• **EXERCISE DIRECTIONS**: Write out, word for word, every line in the data below from the one containing "西堠門(mén)公鐵兩用大橋墩身施工現(xiàn)場(chǎng)。弋鵬麗攝" to the one containing "Vaso del 16, Bebida", both of them included.

• **SUPPLIED MATERIAL**:
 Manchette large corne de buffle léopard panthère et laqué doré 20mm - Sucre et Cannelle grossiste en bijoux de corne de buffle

* * *

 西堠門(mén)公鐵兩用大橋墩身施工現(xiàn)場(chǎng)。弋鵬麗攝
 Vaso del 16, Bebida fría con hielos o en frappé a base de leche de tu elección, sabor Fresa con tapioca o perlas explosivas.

• **TASK SOLUTION**:
 西堠門(mén)公鐵兩用大橋墩身施工現(xiàn)場(chǎng)。弋鵬麗攝
 Vaso del 16, Bebida fría con hielos o en frappé a base de leche de tu elección, sabor Fresa con tapioca o perlas explosivas.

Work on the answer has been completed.